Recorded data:
▶

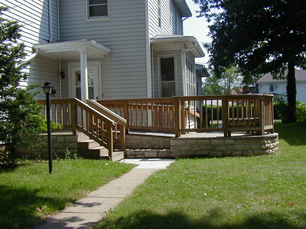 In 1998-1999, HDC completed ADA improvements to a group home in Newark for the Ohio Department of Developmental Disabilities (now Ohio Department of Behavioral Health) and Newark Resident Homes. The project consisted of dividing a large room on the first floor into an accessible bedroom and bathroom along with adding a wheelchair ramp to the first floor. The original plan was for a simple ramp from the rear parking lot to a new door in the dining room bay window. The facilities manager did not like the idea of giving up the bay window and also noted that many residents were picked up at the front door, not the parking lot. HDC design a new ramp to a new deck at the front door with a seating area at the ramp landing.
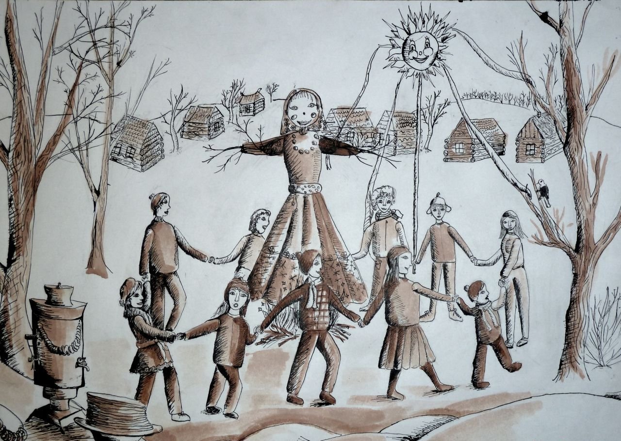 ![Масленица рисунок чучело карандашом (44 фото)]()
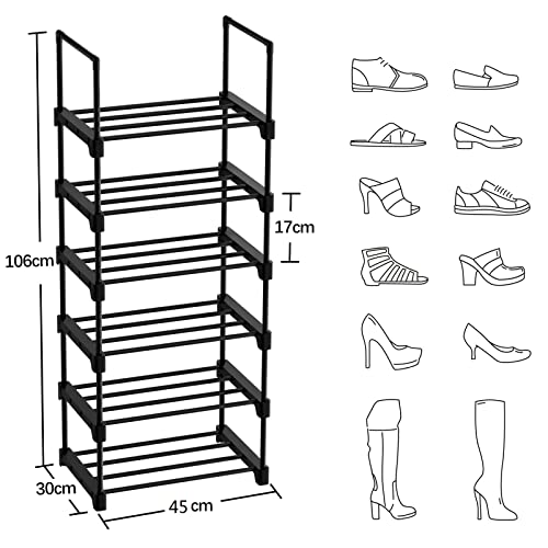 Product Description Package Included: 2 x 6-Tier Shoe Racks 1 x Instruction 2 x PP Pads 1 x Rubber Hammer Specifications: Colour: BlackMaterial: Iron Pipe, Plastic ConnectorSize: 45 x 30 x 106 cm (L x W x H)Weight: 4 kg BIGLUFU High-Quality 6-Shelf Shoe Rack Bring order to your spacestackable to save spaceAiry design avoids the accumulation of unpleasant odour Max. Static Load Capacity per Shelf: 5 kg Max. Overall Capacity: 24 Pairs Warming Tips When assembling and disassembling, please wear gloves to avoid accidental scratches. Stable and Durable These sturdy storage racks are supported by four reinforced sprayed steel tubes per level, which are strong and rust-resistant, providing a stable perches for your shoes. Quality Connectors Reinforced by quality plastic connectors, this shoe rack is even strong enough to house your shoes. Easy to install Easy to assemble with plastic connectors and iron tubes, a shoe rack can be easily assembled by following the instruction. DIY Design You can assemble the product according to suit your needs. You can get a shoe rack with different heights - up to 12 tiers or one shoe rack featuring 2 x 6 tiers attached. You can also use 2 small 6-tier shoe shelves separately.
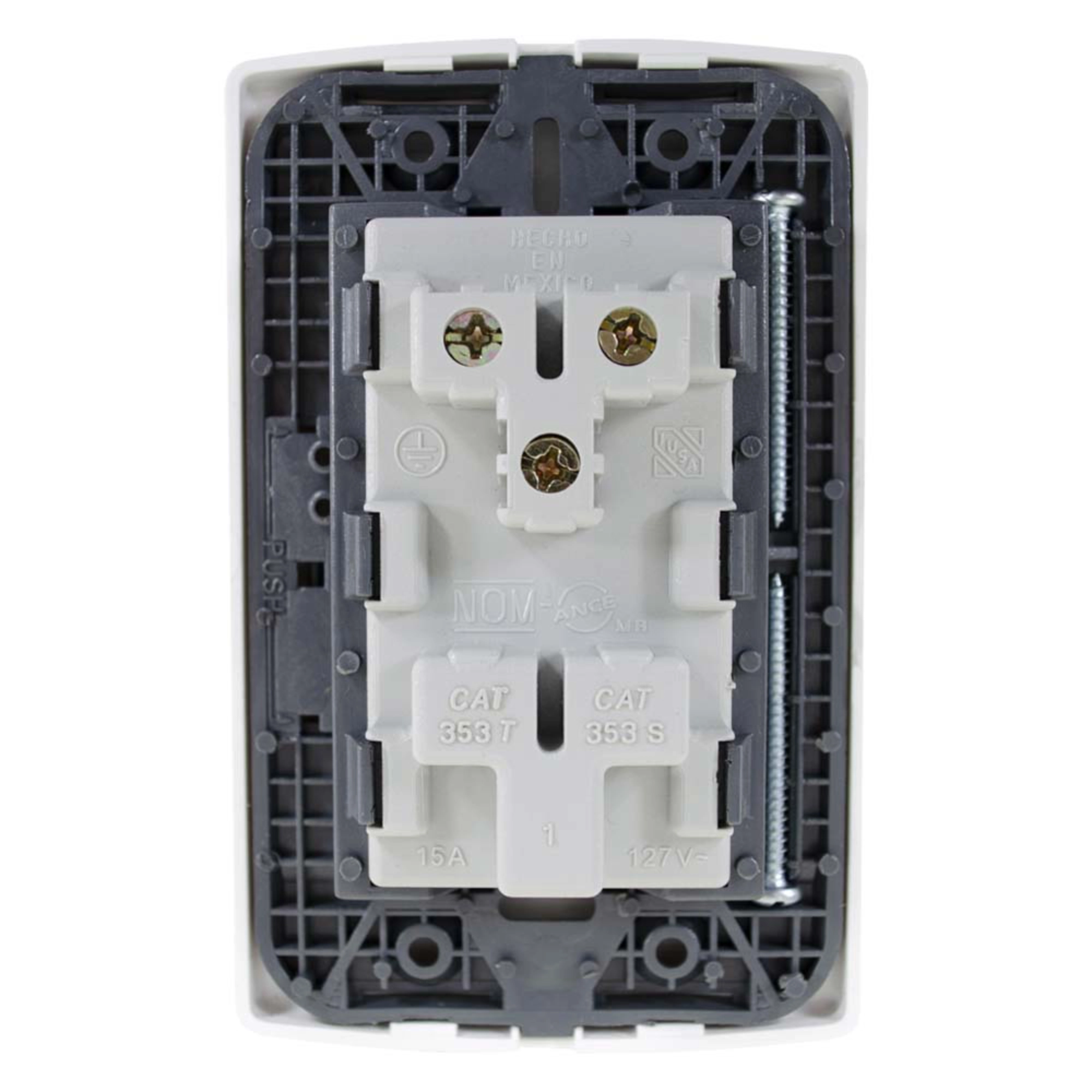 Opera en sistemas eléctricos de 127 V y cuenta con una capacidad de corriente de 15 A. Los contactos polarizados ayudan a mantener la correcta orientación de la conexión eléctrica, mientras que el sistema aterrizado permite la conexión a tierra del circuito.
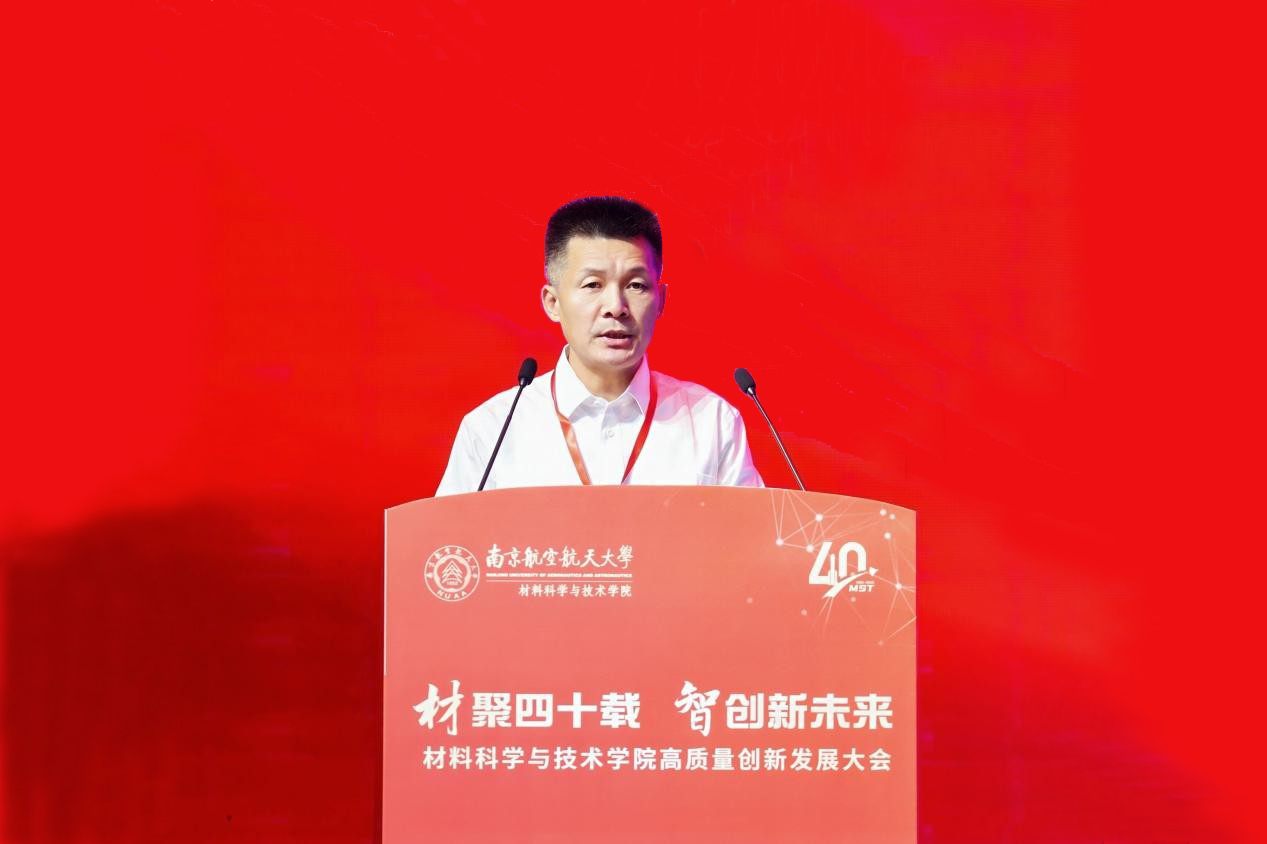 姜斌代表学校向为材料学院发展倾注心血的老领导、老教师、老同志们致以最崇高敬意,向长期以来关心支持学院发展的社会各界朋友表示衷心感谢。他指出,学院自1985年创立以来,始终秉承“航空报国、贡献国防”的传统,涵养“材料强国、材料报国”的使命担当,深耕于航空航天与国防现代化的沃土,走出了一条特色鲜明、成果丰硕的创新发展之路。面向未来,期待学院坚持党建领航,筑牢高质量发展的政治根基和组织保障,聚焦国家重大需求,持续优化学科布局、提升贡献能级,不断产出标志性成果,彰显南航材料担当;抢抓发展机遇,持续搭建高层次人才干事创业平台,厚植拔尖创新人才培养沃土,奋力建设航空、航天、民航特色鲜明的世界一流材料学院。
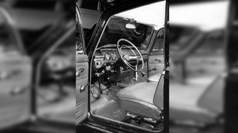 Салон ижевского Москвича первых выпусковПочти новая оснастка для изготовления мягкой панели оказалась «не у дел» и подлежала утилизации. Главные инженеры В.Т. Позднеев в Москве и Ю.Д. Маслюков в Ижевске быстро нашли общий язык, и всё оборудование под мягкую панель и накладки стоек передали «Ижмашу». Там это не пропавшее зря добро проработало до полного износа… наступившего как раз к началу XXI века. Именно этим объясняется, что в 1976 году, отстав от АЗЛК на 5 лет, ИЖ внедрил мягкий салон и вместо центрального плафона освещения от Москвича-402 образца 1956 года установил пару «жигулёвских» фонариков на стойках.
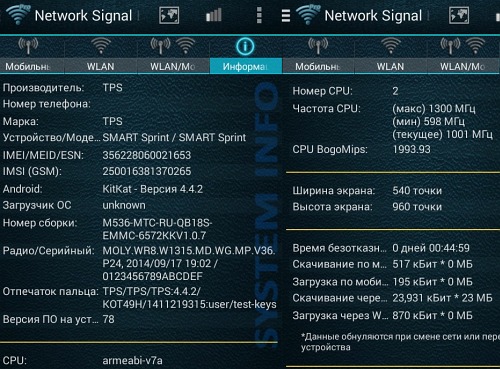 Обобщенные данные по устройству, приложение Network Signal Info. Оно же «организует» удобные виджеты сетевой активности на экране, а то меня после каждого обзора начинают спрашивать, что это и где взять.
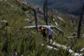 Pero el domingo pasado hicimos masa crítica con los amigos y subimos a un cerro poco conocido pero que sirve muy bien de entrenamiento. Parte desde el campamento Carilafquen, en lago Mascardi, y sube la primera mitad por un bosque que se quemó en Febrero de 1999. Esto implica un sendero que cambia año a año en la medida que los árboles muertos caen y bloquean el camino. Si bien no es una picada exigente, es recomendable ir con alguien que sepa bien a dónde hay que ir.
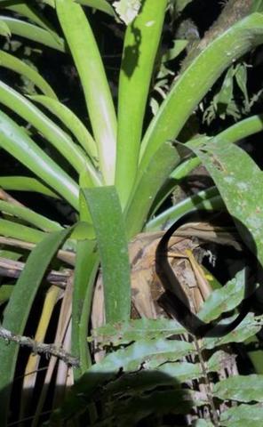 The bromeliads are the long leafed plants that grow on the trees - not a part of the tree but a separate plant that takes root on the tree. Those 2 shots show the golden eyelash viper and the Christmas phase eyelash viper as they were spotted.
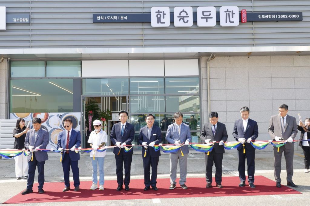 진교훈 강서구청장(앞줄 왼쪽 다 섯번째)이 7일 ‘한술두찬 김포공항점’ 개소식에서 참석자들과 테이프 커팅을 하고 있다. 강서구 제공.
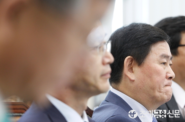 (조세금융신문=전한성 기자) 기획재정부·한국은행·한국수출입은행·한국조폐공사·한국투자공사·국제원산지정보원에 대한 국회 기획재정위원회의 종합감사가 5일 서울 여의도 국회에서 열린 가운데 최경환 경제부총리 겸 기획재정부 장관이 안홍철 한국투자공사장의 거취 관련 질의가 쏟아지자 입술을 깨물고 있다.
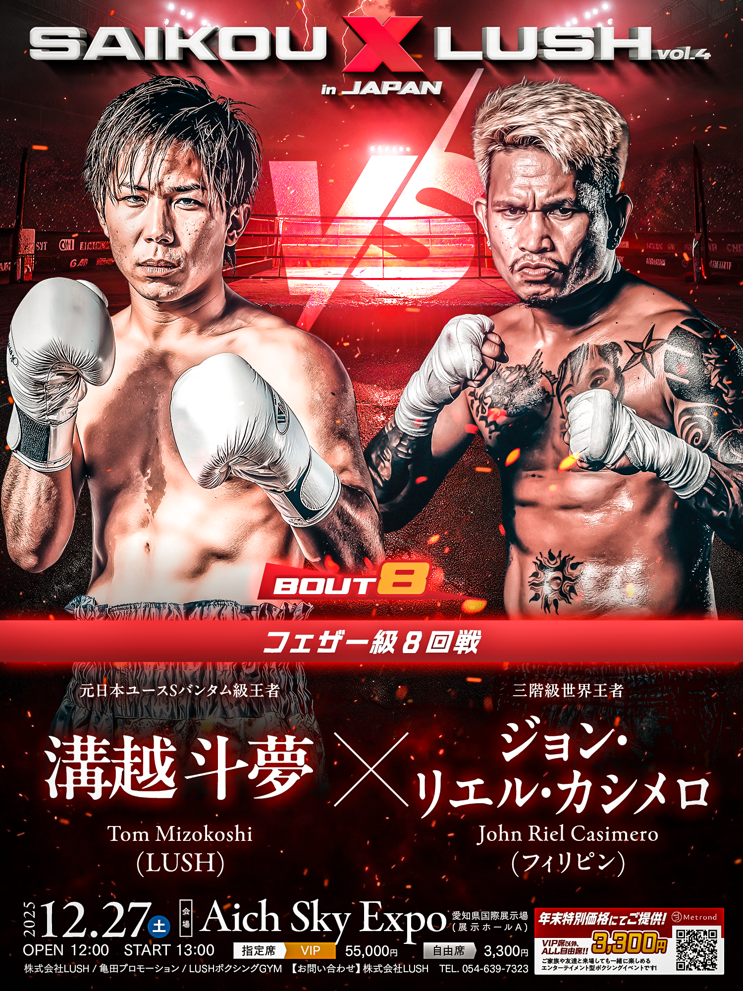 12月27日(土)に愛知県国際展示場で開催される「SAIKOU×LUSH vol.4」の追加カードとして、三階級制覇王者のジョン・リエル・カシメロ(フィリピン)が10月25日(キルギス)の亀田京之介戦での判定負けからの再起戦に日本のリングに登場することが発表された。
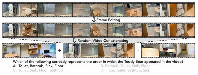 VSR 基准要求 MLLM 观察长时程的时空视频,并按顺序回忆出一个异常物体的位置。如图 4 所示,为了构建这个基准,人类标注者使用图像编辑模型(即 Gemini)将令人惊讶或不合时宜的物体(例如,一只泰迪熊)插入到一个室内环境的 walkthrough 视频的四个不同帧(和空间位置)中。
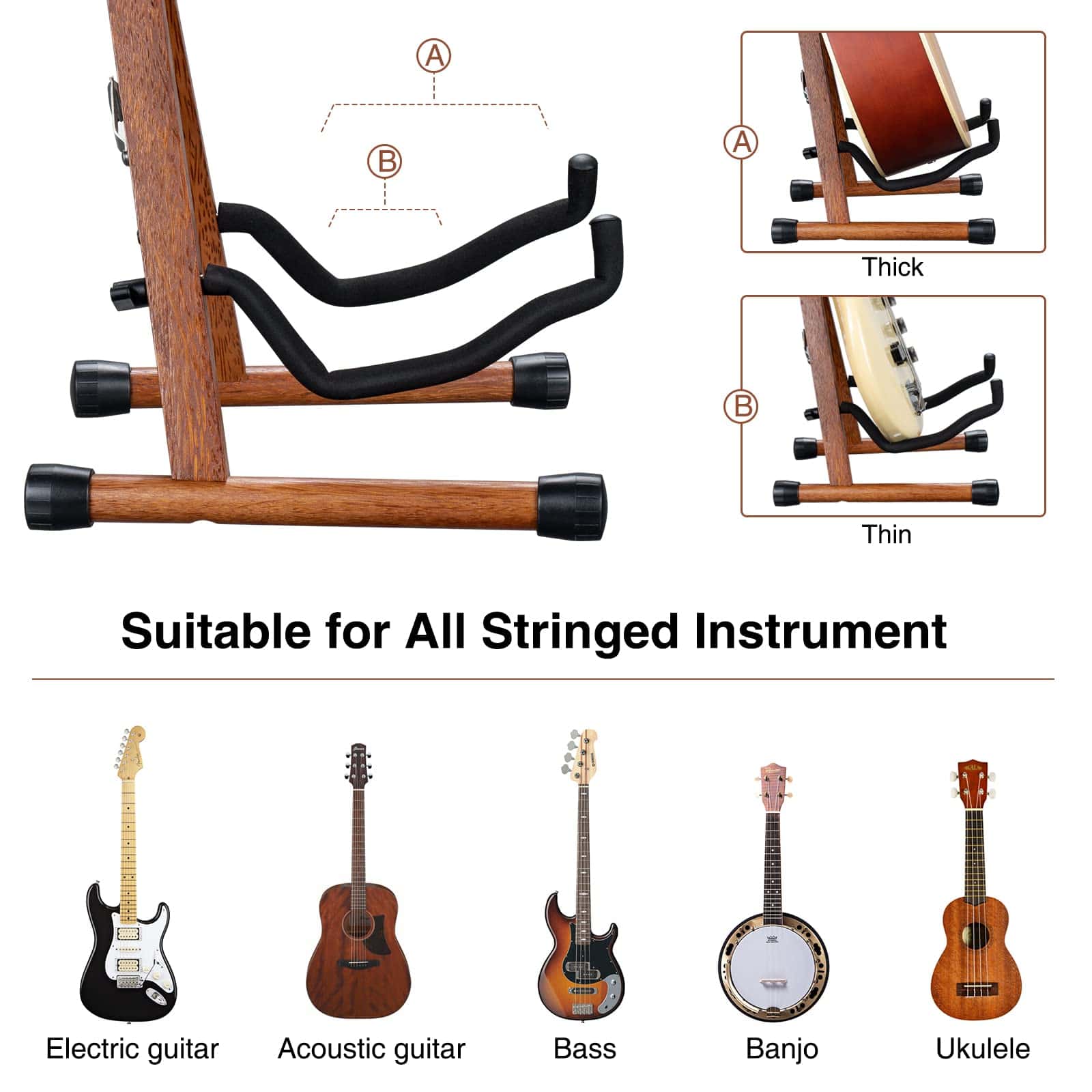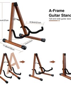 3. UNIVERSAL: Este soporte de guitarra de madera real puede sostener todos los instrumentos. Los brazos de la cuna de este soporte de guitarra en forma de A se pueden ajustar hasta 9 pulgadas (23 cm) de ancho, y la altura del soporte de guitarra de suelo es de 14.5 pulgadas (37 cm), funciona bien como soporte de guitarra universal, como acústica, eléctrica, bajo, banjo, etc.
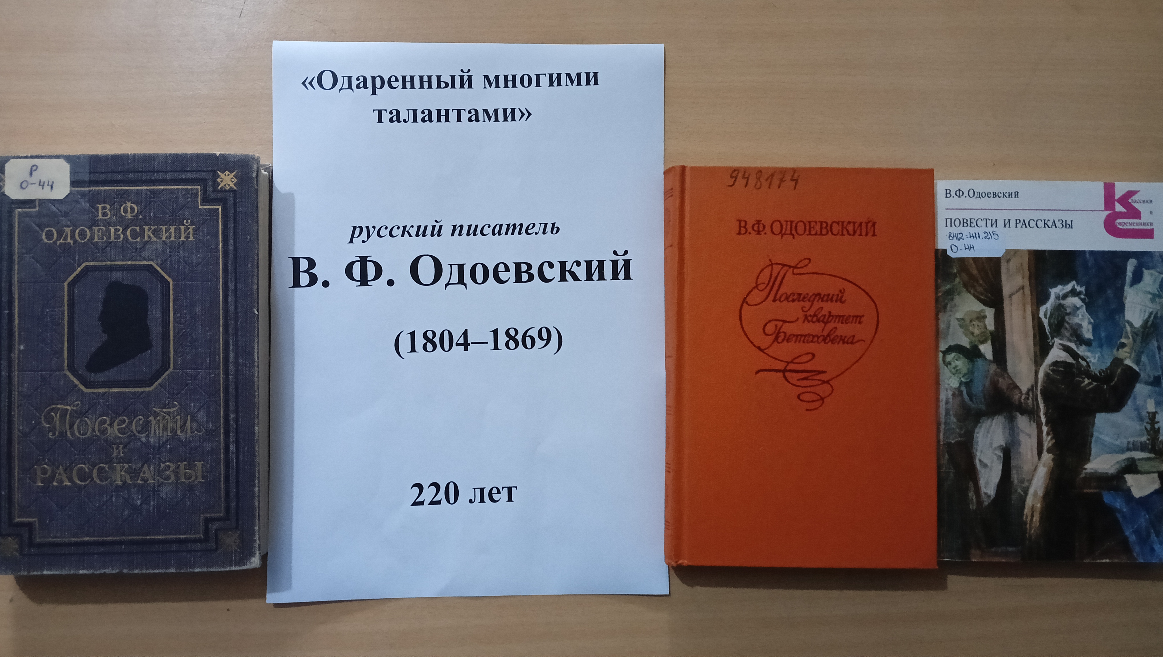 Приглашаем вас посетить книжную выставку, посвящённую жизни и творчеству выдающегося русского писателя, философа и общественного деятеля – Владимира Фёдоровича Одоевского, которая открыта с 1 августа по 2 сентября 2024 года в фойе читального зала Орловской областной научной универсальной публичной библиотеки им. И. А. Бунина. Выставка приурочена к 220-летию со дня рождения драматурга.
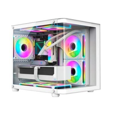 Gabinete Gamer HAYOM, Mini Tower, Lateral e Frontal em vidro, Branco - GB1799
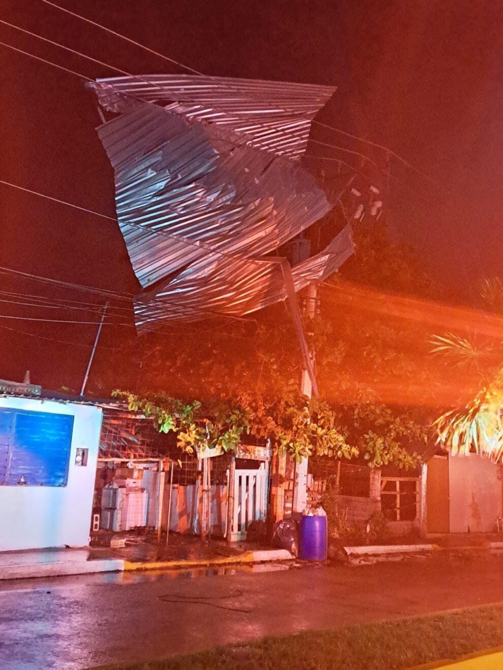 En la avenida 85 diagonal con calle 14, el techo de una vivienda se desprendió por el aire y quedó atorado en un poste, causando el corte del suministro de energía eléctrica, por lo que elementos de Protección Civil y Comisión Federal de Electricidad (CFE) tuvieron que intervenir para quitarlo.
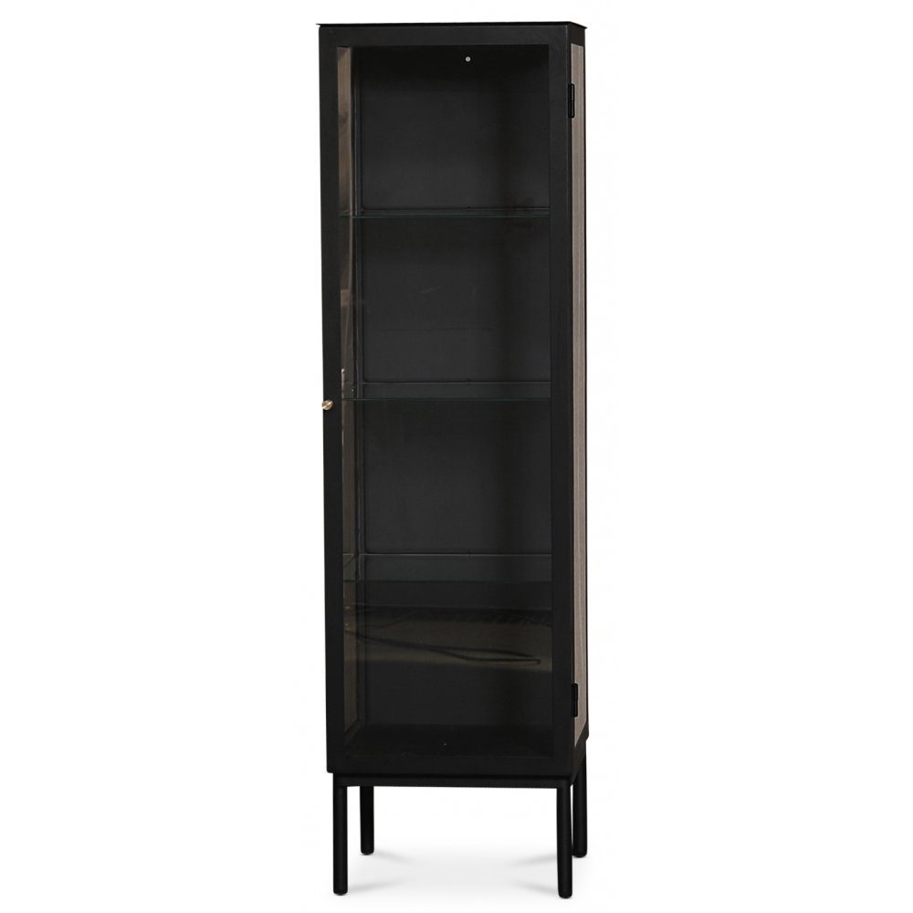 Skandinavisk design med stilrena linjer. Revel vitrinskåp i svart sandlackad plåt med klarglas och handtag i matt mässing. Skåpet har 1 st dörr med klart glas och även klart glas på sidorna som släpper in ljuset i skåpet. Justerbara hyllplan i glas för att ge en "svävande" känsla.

◀

Above are the records; please give again, exactly and in full, only the lines that run from the line with "VSR 基准要求 MLLM" through the line with "Приглашаем вас посетить", with no pictures.

 VSR 基准要求 MLLM 观察长时程的时空视频,并按顺序回忆出一个异常物体的位置。如图 4 所示,为了构建这个基准,人类标注者使用图像编辑模型(即 Gemini)将令人惊讶或不合时宜的物体(例如,一只泰迪熊)插入到一个室内环境的 walkthrough 视频的四个不同帧(和空间位置)中。
 3. UNIVERSAL: Este soporte de guitarra de madera real puede sostener todos los instrumentos. Los brazos de la cuna de este soporte de guitarra en forma de A se pueden ajustar hasta 9 pulgadas (23 cm) de ancho, y la altura del soporte de guitarra de suelo es de 14.5 pulgadas (37 cm), funciona bien como soporte de guitarra universal, como acústica, eléctrica, bajo, banjo, etc.
 Приглашаем вас посетить книжную выставку, посвящённую жизни и творчеству выдающегося русского писателя, философа и общественного деятеля – Владимира Фёдоровича Одоевского, которая открыта с 1 августа по 2 сентября 2024 года в фойе читального зала Орловской областной научной универсальной публичной библиотеки им. И. А. Бунина. Выставка приурочена к 220-летию со дня рождения драматурга.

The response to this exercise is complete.